A New American Ambassador
The change in marriage for same-sex policy couldn’t have happened at a better time, as the new American Ambassador, Ted Osius, was officially received in Hanoi last month. Ambassador Osius and his partner, Clayton, have a son, Tabo, making theirs a truly multi-cultural family and perhaps an archetype that will be more represented in the 21st century–in Vietnam and beyond.
Your author had the opportunity to meet with Ambassador Osius during a dinner last week in Hanoi–we have both lived in HCMC and Hanoi, albeit during different eras. More importantly, we also spoke about encouraging American students to study abroad in Vietnam as a way to change the perception of Vietnam in the US, which currently has approximately 16,000 Vietnamese students studying at higher education institutions. Overall, Ambassador Osius spoke openly and candidly about his priorities for his tenure here in Vietnam, some of which you can find here. We are excited and look forward to a new chapter of relations between Vietnam and the US.
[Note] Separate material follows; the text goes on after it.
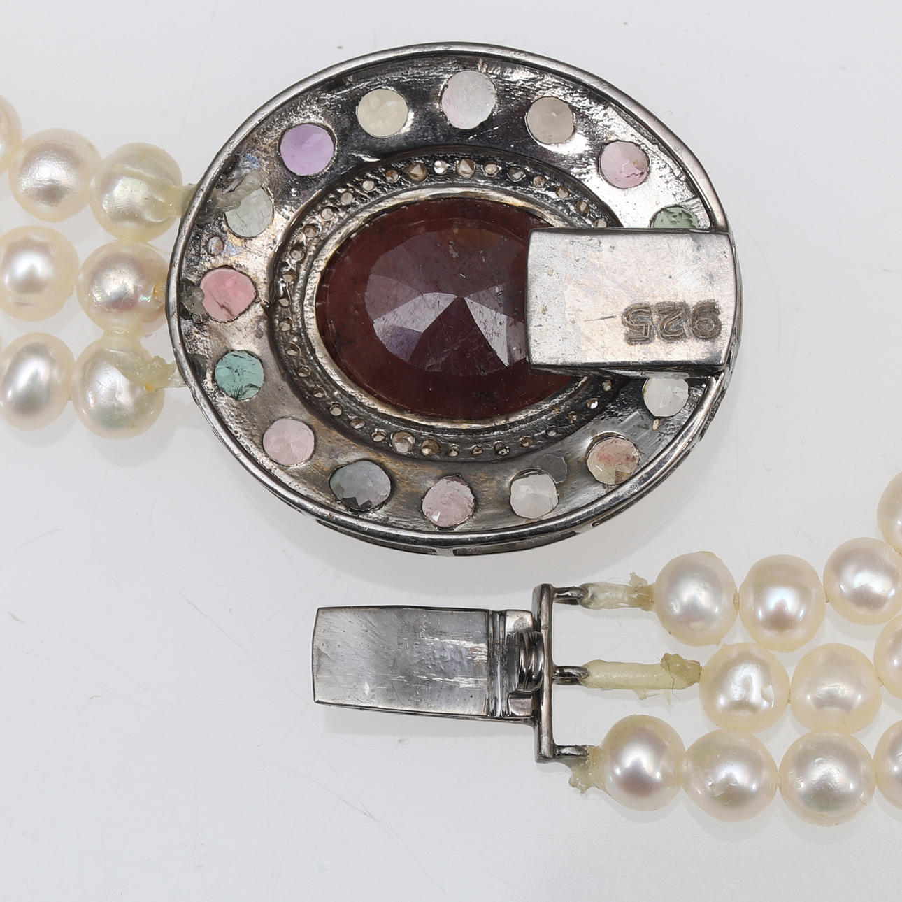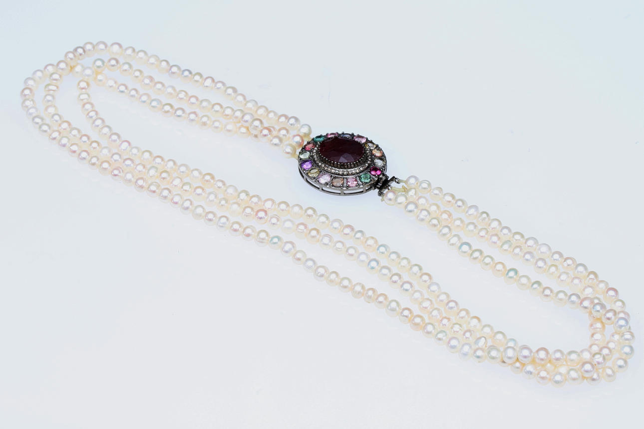 1789970. COLLIER, treradigt pärlhalsband och ädelstenar.

New Trade Agreements and Fulfilling Obligations
The Trans-Pacific Partnership (TPP), once finalized, will set the stage for the US to be Vietnam’s largest trading partner. Additionally, Vietnam and the Customs Union will also be finalizing their agreement later this year. Once both agreements are executed, it will deliver a big boost to Vietnam’s trade activities.
Also this year, Vietnam must fulfill its World Trade Organization (WTO) obligations of permitting the establishment of wholly foreign-owned businesses, including retailers and wholesalers. Furthermore, integration with ASEAN Economic Community (AEC) allows the free flow of goods and technical (highly skilled) personnel this year (and will slash tariff rates to zero by 2018). Vietnamese companies might be woefully unprepared to compete against new products and services from outside of Vietnam coupled with foreign businesses right in their backyard—but it’s still not too late for Vietnamese business stakeholders to change directions.
Industries, Opportunities, and Trends to Watch Out for in 2015
-New mobile game companies, new gaming models, and cyber and physical spaces merging
-Continued and extended education; for workers and students, respectively
-Improving the local tourism/customer service experience for non-Vietnamese speakers
-Vietnamese startups and local companies continuing to go global
-Agriculture and forestry restructuring; organic foods beginning to become more popular
-Developing “smart” ecosystems at city and building levels
-Social media usage by official Vietnamese organizations
Happy New Year; we wish you a healthy and happy 2015.